WHAT THE TASK ASKS:
Extract only the first line of the listing and every line after it up to and including the one with "in GABAergic neurons". Omit the pictures.

----- DATASET EXTRACT

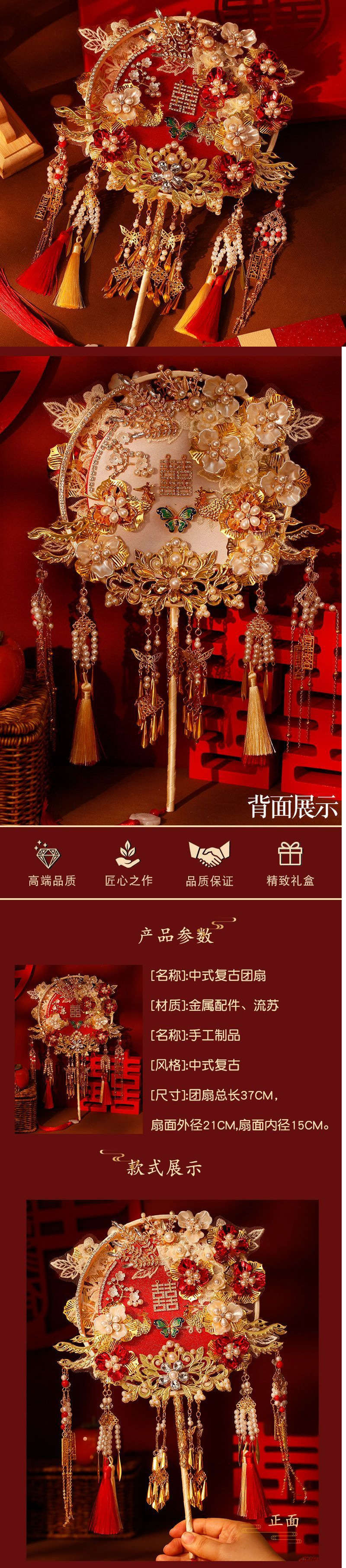레드 샴페인 양면 라운드 팬 신부 웨딩 소재 가방 팬 결혼 xiuhe 고급 해피 팬 완제품스토어 가기
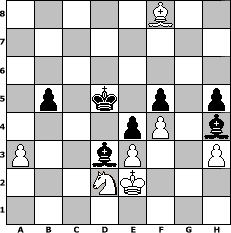 Partie-Notation im PGN-Format [Event "2016"] [Site "www.mySchach.de"] [Date "2016.01.01"] [Round "1"] [White "FrankB"] [Black "Helmut48"] [ECO "A46"] [WhitemyELO "1669"] [BlackmyELO "1965"] [Result "0-1"] [TimeControl "10/2592000"] [WhiteDays "30"] [BlackDays "30"] [MySchachNr "101926"] 1. d4 Nf6 2. Nf3 d5 3. c4 e6 4. e3 Be7 5. Nc3 c5 6. a3 O-O 7. Be2 dxc4 8. Bxc4 a6 9. dxc5 Qxd1+ 10. Nxd1 Bxc5 11. O-O b5 12. Be2 Bb7 13. b4 Bd6 14. Bb2 Nbd7 15. Rc1 Rac8 16. Nc3 Rfd8 17. h3 Nb6 18. Rfd1 Nc4 19. Bxc4 Rxc4 20. Nd2 Rc7 21. Ne2 Rcd7 22. Bd4 Be7 23. Rc2 Ne4 24. f3 Nxd2 25. Rcxd2 f5 26. Bc3 Rxd2 27. Rxd2 Rxd2 28. Bxd2 e5 29. Nc3 Bg5 30. Kf2 Kf7 31. Ke2 e4 32. f4 Bd8 33. Nb1 Bd5 34. Bc3 g5 35. g3 Bc4+ 36. Kf2 gxf4 37. gxf4 Ke6 38. Kg3 Kd5 39. Bd4 Bd3 40. Nd2 Bc2 41. Be5 a5 42. Bc3 axb4 43. Bxb4 Bd1 44. Kf2 Bh4+ 45. Kf1 h5 46. Bf8 Bf6 47. Ke1 Ba4 48. Bb4 Bc2 49. Ke2 Bh4 50. Bf8 Bd3+ 0-1 Stellungs-Notation im FEN-Format 5B2/8/8/1p1k1p1p/4pP1b/P2bP2P/3NK3/8 - - - 10 51 Geschlagene Figuren Weiss: Geschlagene Figuren Schwarz: Klicken Sie auf eine geschlagene Figur um den gewünschten Zug darzustellen!
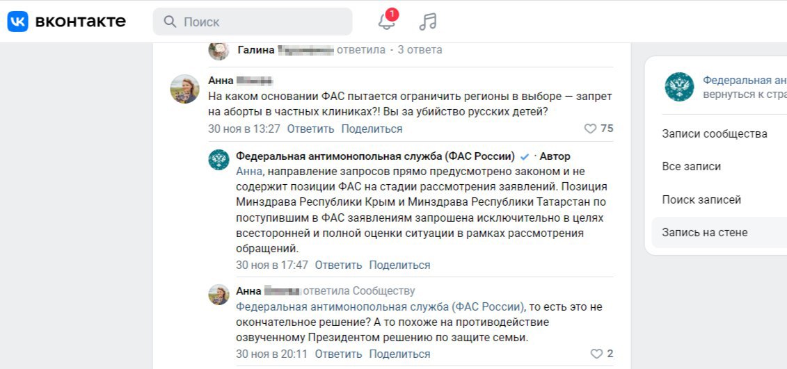 Ann S.: "На каком основании ФАС требует вернуть проведение абортов в частные клиники? Только сознательные политики стали поддерживать граждан и исполнять чётко поставленную задачу нашего президента по поддержке повышения рождаемости и выводить абортный бизнес из тени, под четкий контроль государства и российского законодательства, как ФАС вместо поддержки этого, начало давить на Крым и Татарстан. Вы на кого работаете? На врагов? Вы чьи денежные интересы отстаиваете? Аборты не только нужно выводить из частного бизнеса, говорю как многодетная мать и гинеколог, ещё и из ОМС выводить, и так будет?"
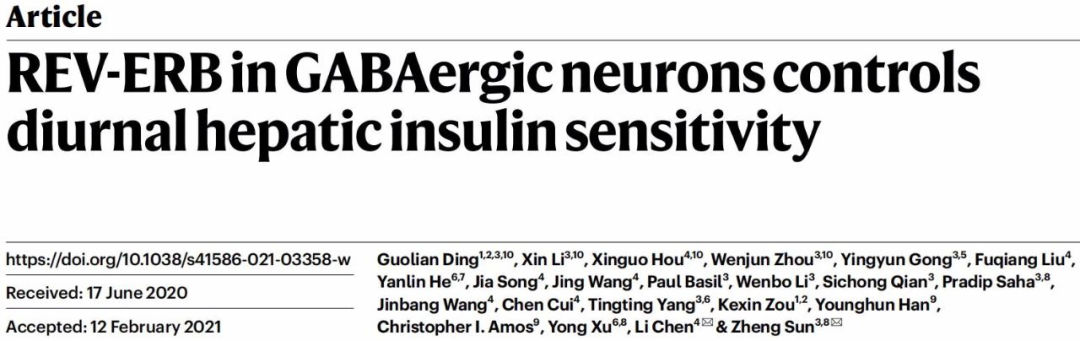 2021年3月24日,Nature杂志在线发表了题为“REV-ERB in GABAergic neurons controls diurnal hepatic insulin sensitivity” 的研究论文。该研究由复旦大学附属妇产科医院/生殖与发育研究院丁国莲课题组与美国贝勒医学院孙正课题组以及山东大学齐鲁医院陈丽课题组等合作完成。
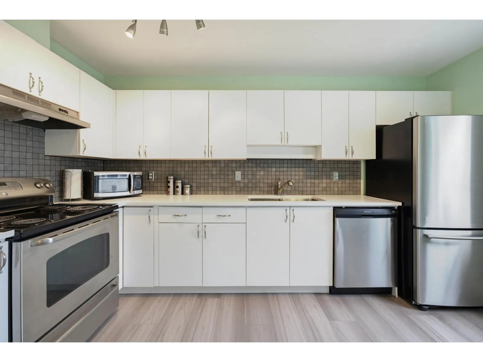 TOP FLOOR CORNER UNIT I FULLY RENOVATED I BRIGHT & PRIVATE Welcome to this stunning 1 ,053 sq. ft. 2 bed, 2 bath southwest-facing top floor corner home-offering exceptional privacy with no direct neighbours and an abundance of natural light throughout.Step inside and be impressed by soaring 13′ vaulted ceilings, expansive windows, and a skylight that flood the space with
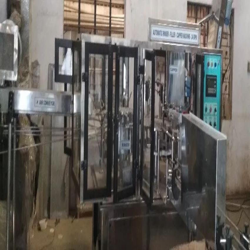 Automatic electric bottle filling machine, mild steel construction. 440V, 50Hz, 3 kVA power. Features 2HP power consumption and 2000 ml filling range.
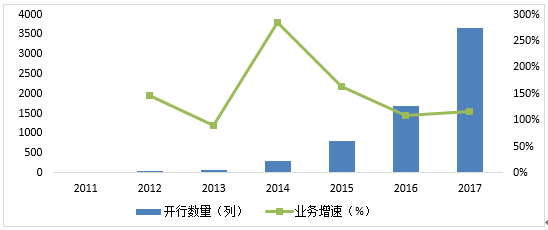 圖6 中歐班列開行整體情況統(tǒng)計(2011-2017年)
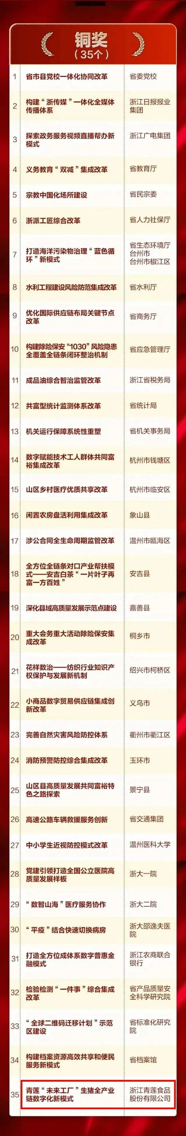 重磅!青蓮食品—膳博士榮獲浙江改革突破獎銅獎! 2023-02-01 09:20:19 浙江青蓮食品股份有限公司 瀏覽次數 2837 近日,浙江省委改革辦公布了2022年度浙江省改革突破獎名單。浙江青蓮食品股份有限公司“數智青蓮”未來工廠榮獲2022年度浙江省改革突破獎銅獎,是銅獎組中唯一的一家民營企業。20多年來,青蓮食品構建起從農場到餐桌的透明全產業鏈,在改革創新中以種業為源頭,建立起未來農場—未來工廠—產業新零售等數字化應用,真正從用戶需求出發為社會提供優質食品!此次獲得浙江改革突破獎銅獎,更是對青蓮食品數字化轉型成果的肯定和勉勵!實現黑豬專家膳博士在安全和美味雙升級上硬核突破!身為黑豬專家,膳博士服務過世博會、世乒賽、國際馬拉松比賽,連續8年為世界互聯網大會供肉,連續14年為中國極地研究中心供肉,成為杭州亞運會官方生鮮肉類產品供應商。以國家級嘉興黑豬和兩頭烏保種場作為種業基礎繁育國家級優質新品種,形成完整的黑豬商品體系為消費者帶來舌尖體驗。近年來,通過智慧養殖為傳統畜牧產業數字化轉型先行探路,以新一代信息技術為手段,重塑生豬全產業鏈生產組織方式和管理服務模式,構建“1+4+N”模型,推動全產業鏈數字化轉型。產業零售端以用戶需求為中心持續推出膳博士黑豬鮮肉鮮制系列產品提升消費體驗,滿足國人對美好生活、品質食品的向往。2022年,青蓮智慧牧場首批入選浙江省“未來農場”,“數智青蓮”未來工廠獲全省數字化改革“最佳應用”和全省數字經濟系統“最佳應用”。在全省數字化改革大會上做匯報演示,列入全省數字經濟系統地方特色應用目錄,受到央視、省級、市縣級等媒體持續關注報道。 上一條“風云浙商”許明曙:人生把一件事做好就很不容易 下一條全國唯一!膳博士·香雪白豬獲2022年度國家新品種認定!
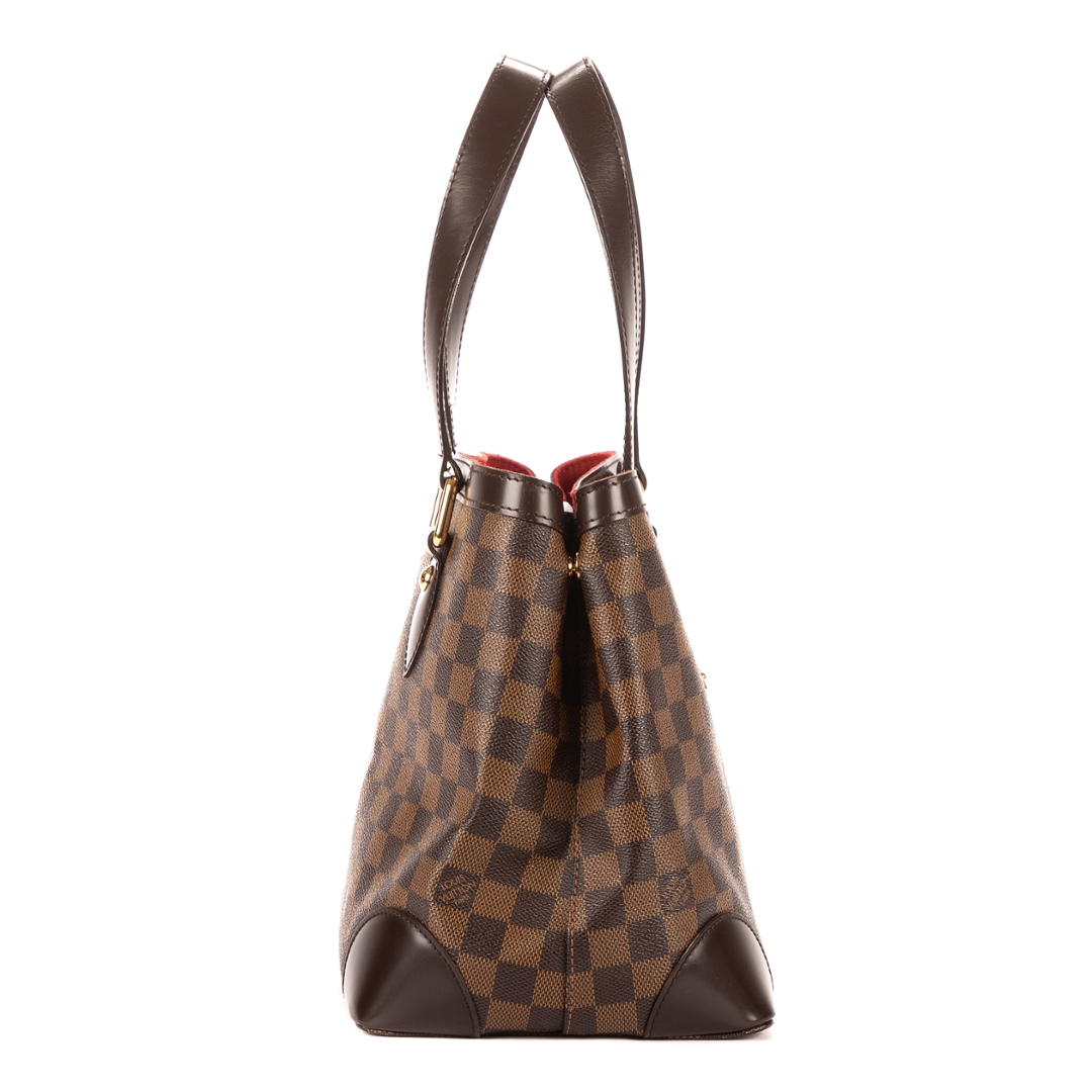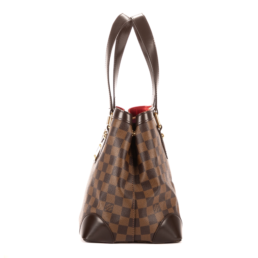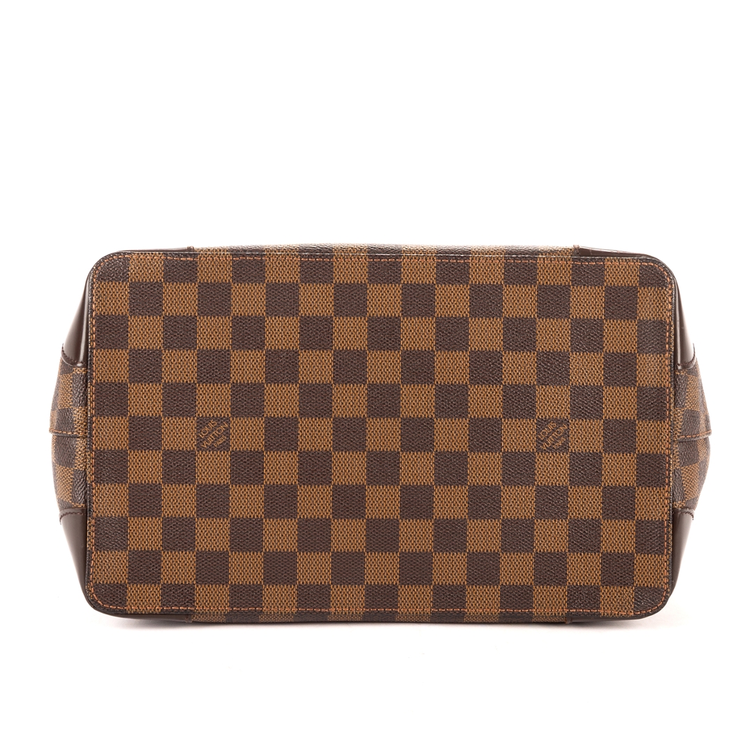 A vintage Louis Vuitton Hampstead bag crafted in dark brown Damier Ebene coated canvas, offering a compact yet elegant interpretation of one of the brand’s most recognisable designs. The structured silhouette is complemented by smooth leather trim, refined shoulder handles, and a signature gold-tone Louis Vuitton plaque to the front, creating a timeless piece with enduring appeal.
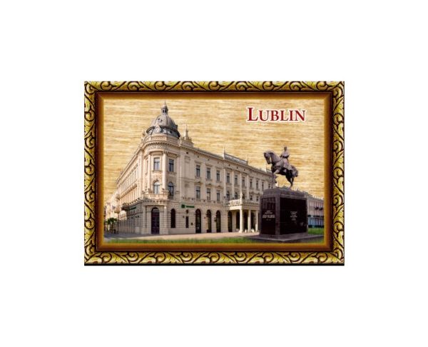 Magnes wykonany ze sklejki z nadrukowaną grafiką przedstawiającą zabytki Lublina.
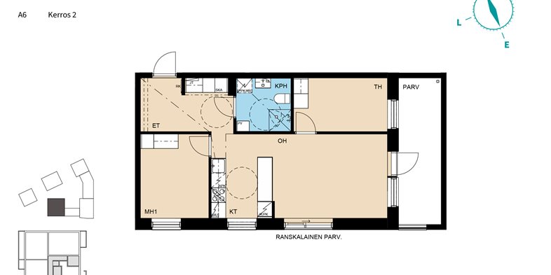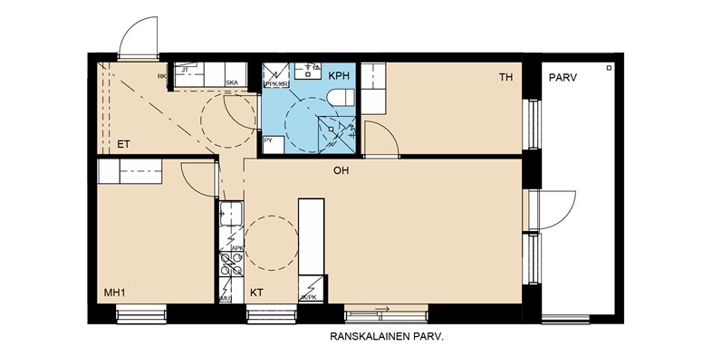 Suurenmoinen huoneisto, jonka tilat jatkuvat koko asunnon mittaiselle parvekkeelle. Jo eteisessä on reilusti tilaa. Pitkä niemeke rajaa keittiön omaksi kokonaisuudekseen. Isojen ikkunoiden ja ranskalaisen parvekkeen ansiosta olohuone on erittäin valoisa. Työhuone on omiaan etätyöskentelyä varten.

----------

REPLY TO THE EXERCISE:
레드 샴페인 양면 라운드 팬 신부 웨딩 소재 가방 팬 결혼 xiuhe 고급 해피 팬 완제품스토어 가기
 Partie-Notation im PGN-Format [Event "2016"] [Site "www.mySchach.de"] [Date "2016.01.01"] [Round "1"] [White "FrankB"] [Black "Helmut48"] [ECO "A46"] [WhitemyELO "1669"] [BlackmyELO "1965"] [Result "0-1"] [TimeControl "10/2592000"] [WhiteDays "30"] [BlackDays "30"] [MySchachNr "101926"] 1. d4 Nf6 2. Nf3 d5 3. c4 e6 4. e3 Be7 5. Nc3 c5 6. a3 O-O 7. Be2 dxc4 8. Bxc4 a6 9. dxc5 Qxd1+ 10. Nxd1 Bxc5 11. O-O b5 12. Be2 Bb7 13. b4 Bd6 14. Bb2 Nbd7 15. Rc1 Rac8 16. Nc3 Rfd8 17. h3 Nb6 18. Rfd1 Nc4 19. Bxc4 Rxc4 20. Nd2 Rc7 21. Ne2 Rcd7 22. Bd4 Be7 23. Rc2 Ne4 24. f3 Nxd2 25. Rcxd2 f5 26. Bc3 Rxd2 27. Rxd2 Rxd2 28. Bxd2 e5 29. Nc3 Bg5 30. Kf2 Kf7 31. Ke2 e4 32. f4 Bd8 33. Nb1 Bd5 34. Bc3 g5 35. g3 Bc4+ 36. Kf2 gxf4 37. gxf4 Ke6 38. Kg3 Kd5 39. Bd4 Bd3 40. Nd2 Bc2 41. Be5 a5 42. Bc3 axb4 43. Bxb4 Bd1 44. Kf2 Bh4+ 45. Kf1 h5 46. Bf8 Bf6 47. Ke1 Ba4 48. Bb4 Bc2 49. Ke2 Bh4 50. Bf8 Bd3+ 0-1 Stellungs-Notation im FEN-Format 5B2/8/8/1p1k1p1p/4pP1b/P2bP2P/3NK3/8 - - - 10 51 Geschlagene Figuren Weiss: Geschlagene Figuren Schwarz: Klicken Sie auf eine geschlagene Figur um den gewünschten Zug darzustellen!
 Ann S.: "На каком основании ФАС требует вернуть проведение абортов в частные клиники? Только сознательные политики стали поддерживать граждан и исполнять чётко поставленную задачу нашего президента по поддержке повышения рождаемости и выводить абортный бизнес из тени, под четкий контроль государства и российского законодательства, как ФАС вместо поддержки этого, начало давить на Крым и Татарстан. Вы на кого работаете? На врагов? Вы чьи денежные интересы отстаиваете? Аборты не только нужно выводить из частного бизнеса, говорю как многодетная мать и гинеколог, ещё и из ОМС выводить, и так будет?"
 2021年3月24日,Nature杂志在线发表了题为“REV-ERB in GABAergic neurons controls diurnal hepatic insulin sensitivity” 的研究论文。该研究由复旦大学附属妇产科医院/生殖与发育研究院丁国莲课题组与美国贝勒医学院孙正课题组以及山东大学齐鲁医院陈丽课题组等合作完成。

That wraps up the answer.